## DATA

● ● ●

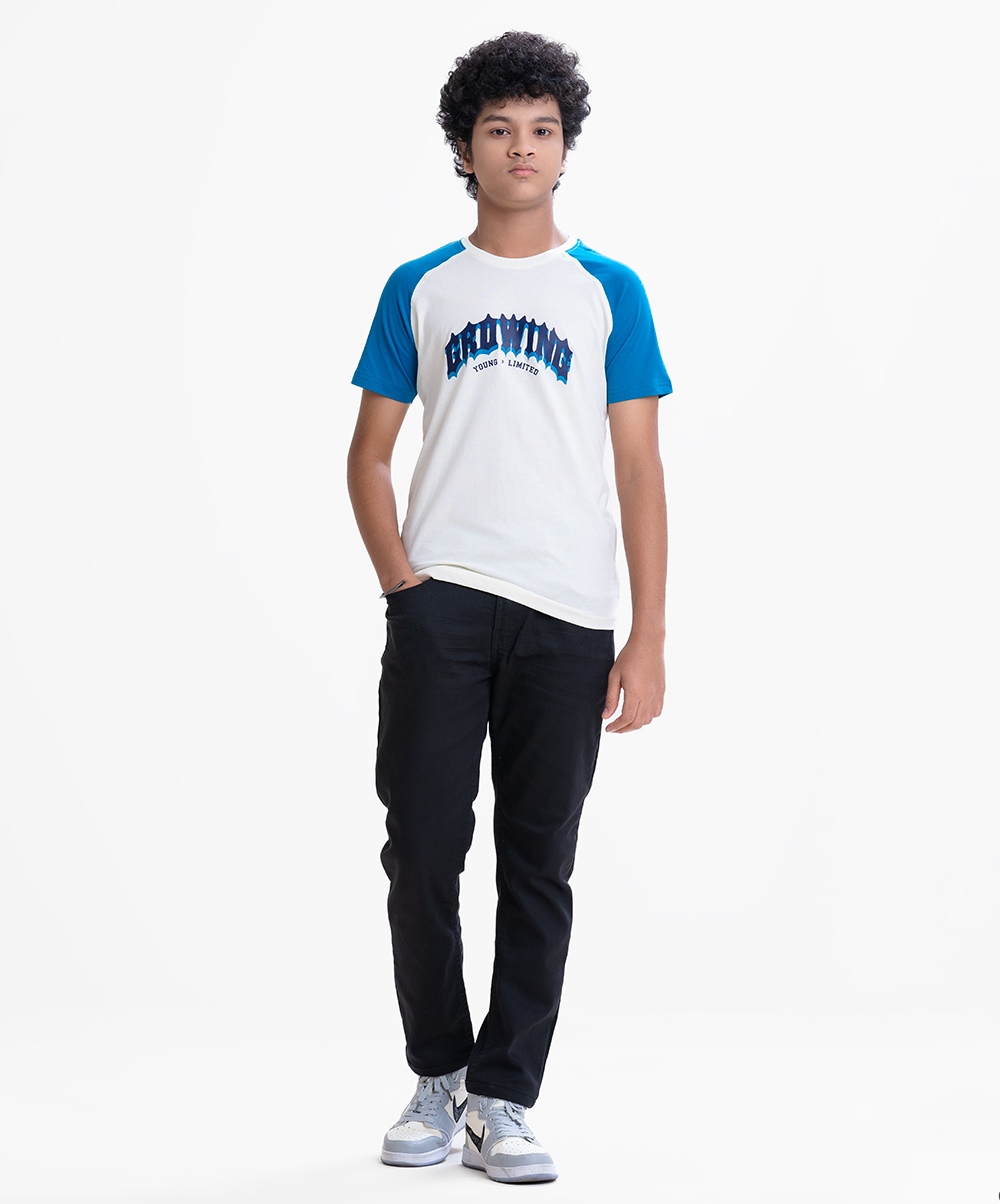 Teen boys short sleeve t-shirt in cotton single jersey fabric. Crew neck and typographic print at front.
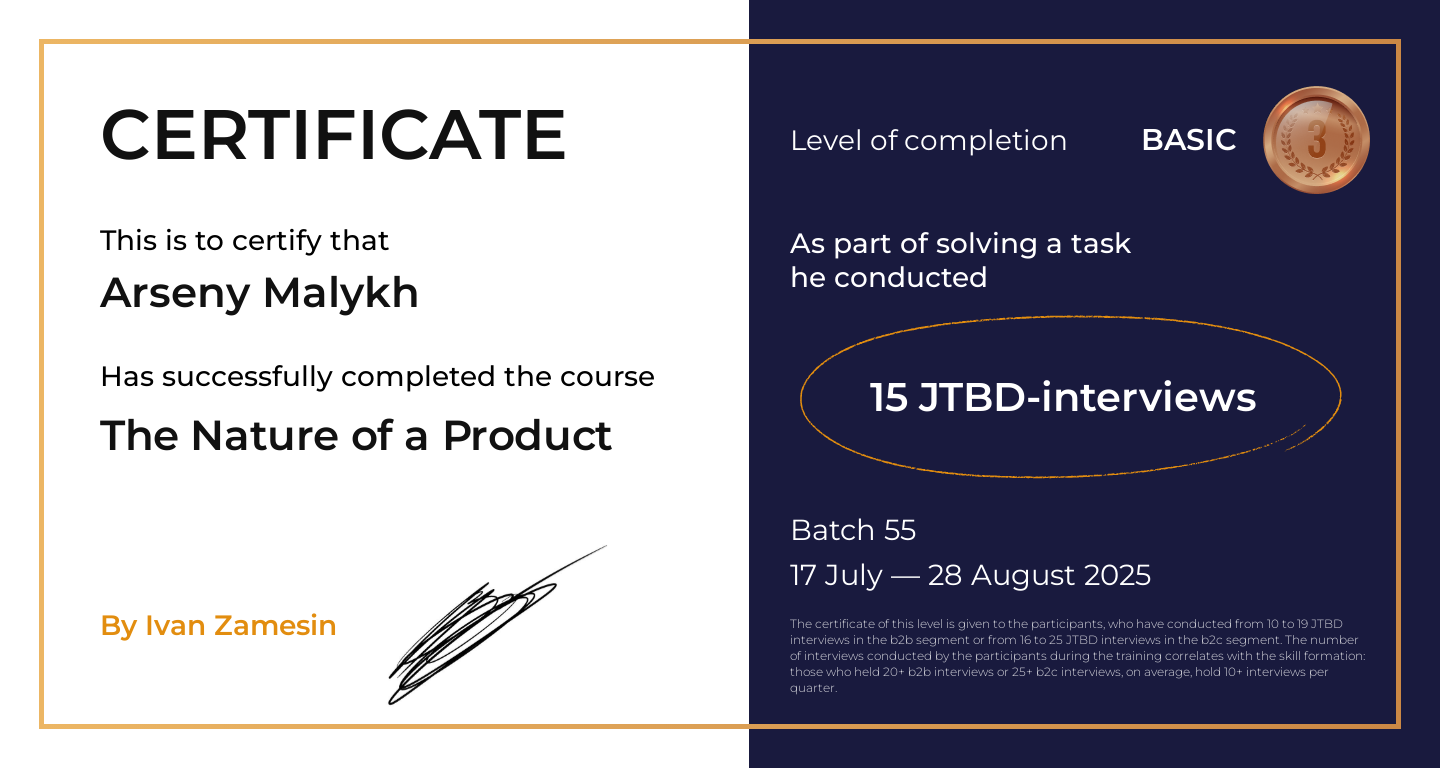 The certificate of this level is given to the participants, who have conducted from 10 to 19 JTBD interviews in the b2b segment or from 16 to 25 JTBD interviews in the b2c segment. The number of interviews conducted by the participants during the training correlates with the skill formation: those who held 20+ b2b interviews or 25+ b2c interviews, on average, hold 10+ interviews per quarter.
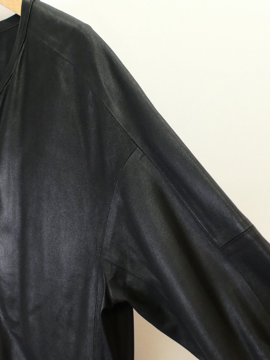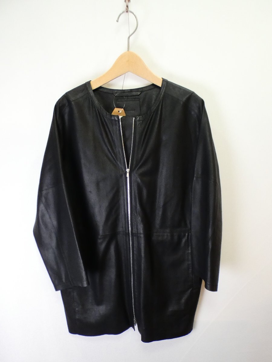 デザイン | ★【シルエット・着丈】ゆったりした 縦型 シルエット 腰下丈 ~やや長めの丈、 【襟】、ノーカラー、 【裏地の有無】裏地無し、(立体裁断) 【厚み】かなり 薄手 【フロント】、ジップ お袖 立体裁断 7分袖 |
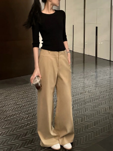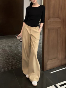 5werkwe 雅痞老钱拉夫美学 极简复古其裤休闲裤宽松直筒裤女
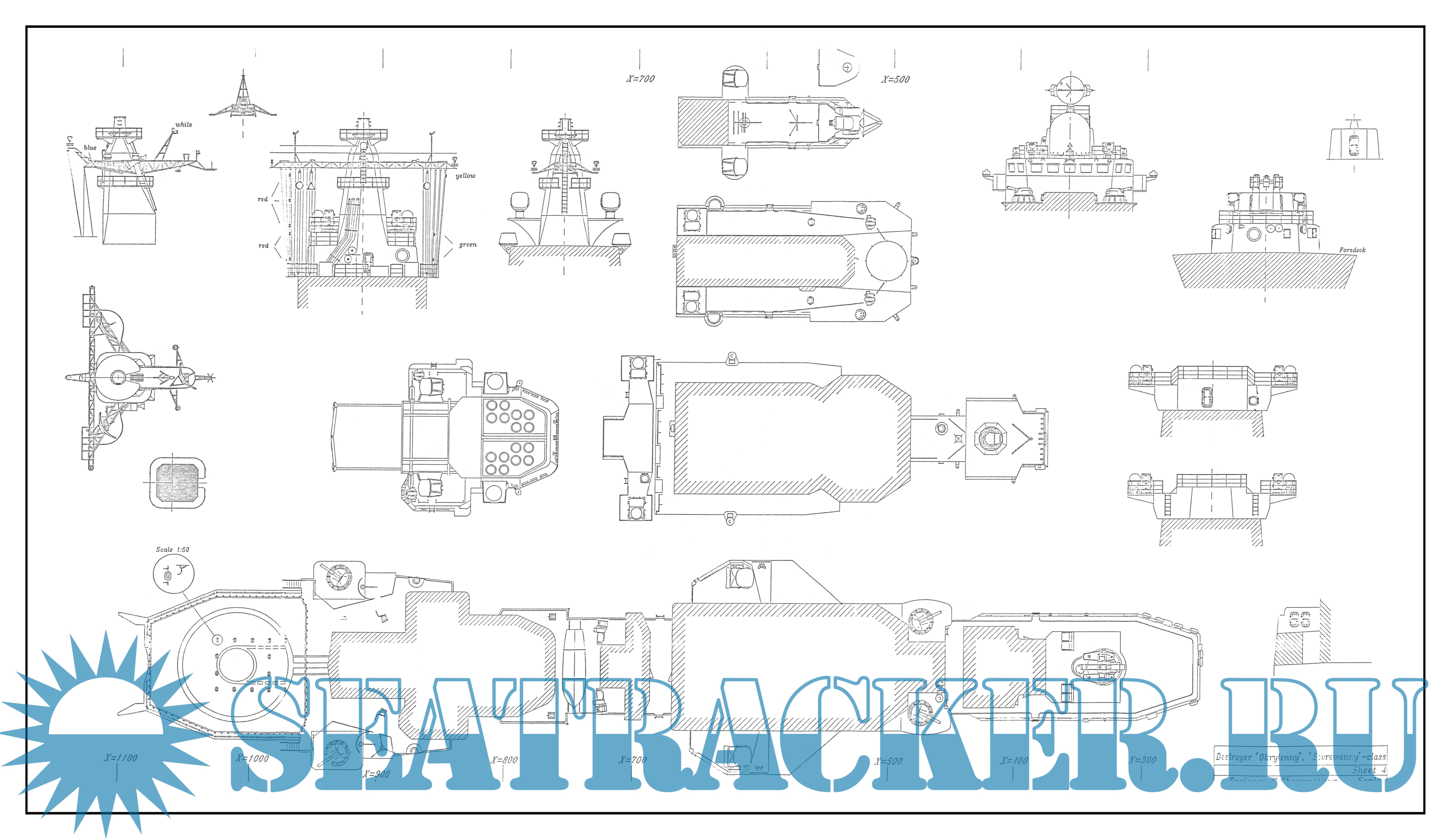 6 листов чертежей эсминца "ОКРЫЛЁННЫЙ" проект 956 в масштабе 1:100
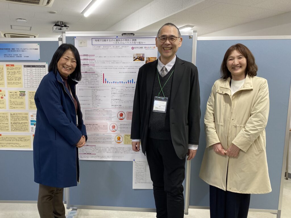 元ちゃんハウスからは、もくれんの会(遺族会)での実践報告を天日さんにポスター発表していただきました。(もくれんの会では毎回終了時にアンケートにご協力をいただいております。2019年からの25回開催分延べ156名のアンケートを集計し、参加者のニーズや気持ちの変化などを図や表にまとめ発表させていただきました。ご協力いただきました皆様ありがとうございました。)
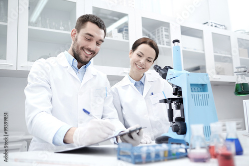 scientists with clipboard and microscope in lab
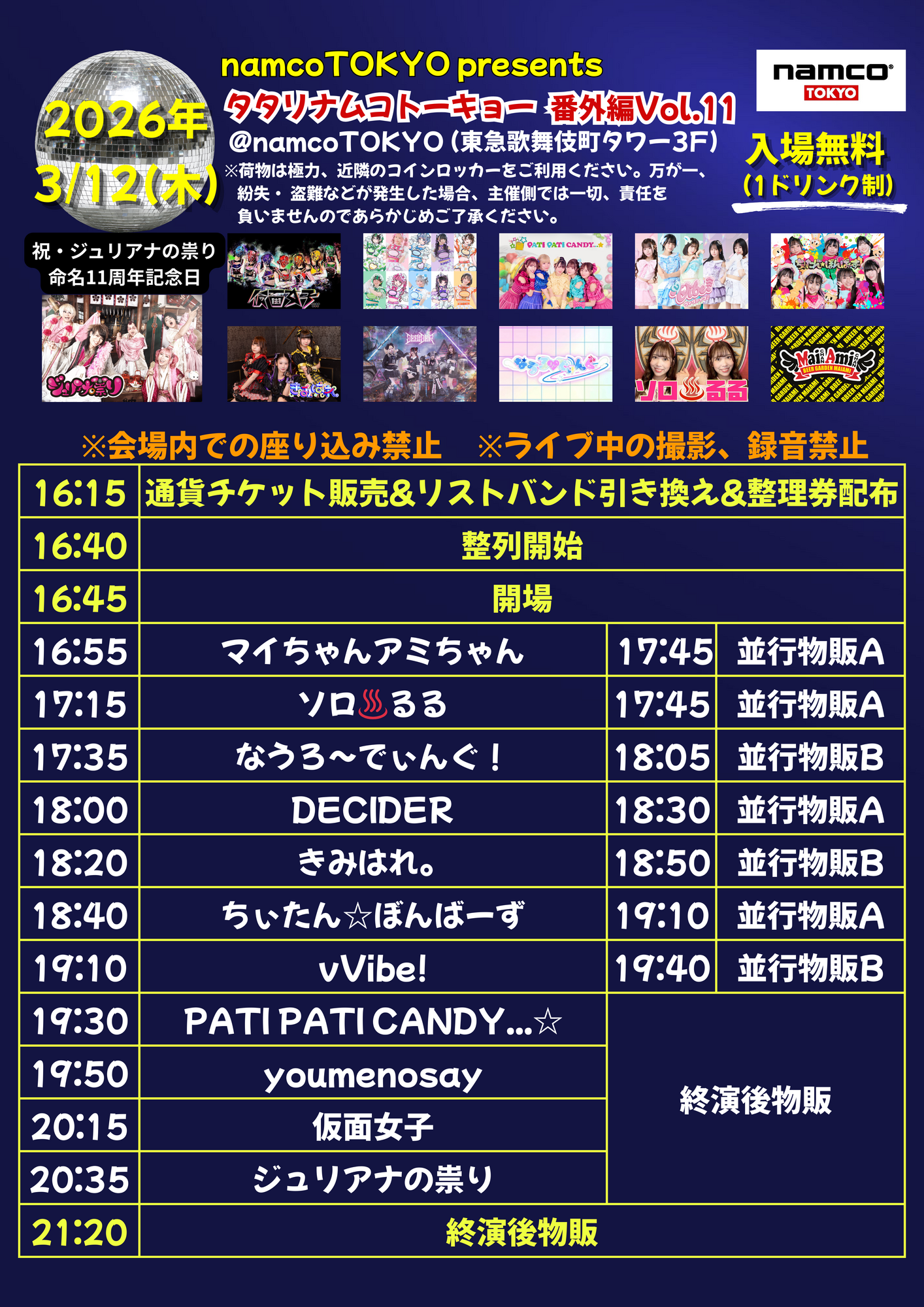 「namco TOKYO presents タタリナムコトーキョーVol.11」@東急歌舞伎町タワー3F namcoTOKYO
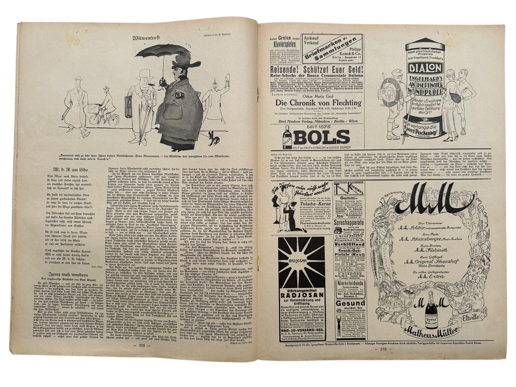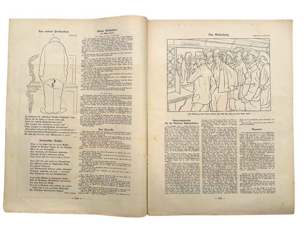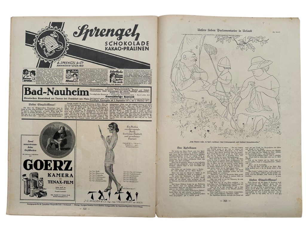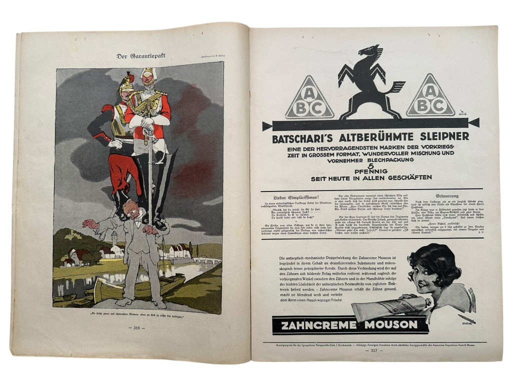Origineel exemplaar van het Duitse satirische weekblad Simplicissimus, uitgegeven in Stuttgart op 31 augustus 1925.

● ● ●

## INSTRUCTIONS FOR THE TASK
Look above for the line with "The certificate of", then print it and each line after it down to and including the line with "デザイン | ★【シルエット・着丈】ゆったりした". Leave out the pictures and keep the wording exact.

## REPLY
 The certificate of this level is given to the participants, who have conducted from 10 to 19 JTBD interviews in the b2b segment or from 16 to 25 JTBD interviews in the b2c segment. The number of interviews conducted by the participants during the training correlates with the skill formation: those who held 20+ b2b interviews or 25+ b2c interviews, on average, hold 10+ interviews per quarter.
 デザイン | ★【シルエット・着丈】ゆったりした 縦型 シルエット 腰下丈 ~やや長めの丈、 【襟】、ノーカラー、 【裏地の有無】裏地無し、(立体裁断) 【厚み】かなり 薄手 【フロント】、ジップ お袖 立体裁断 7分袖 |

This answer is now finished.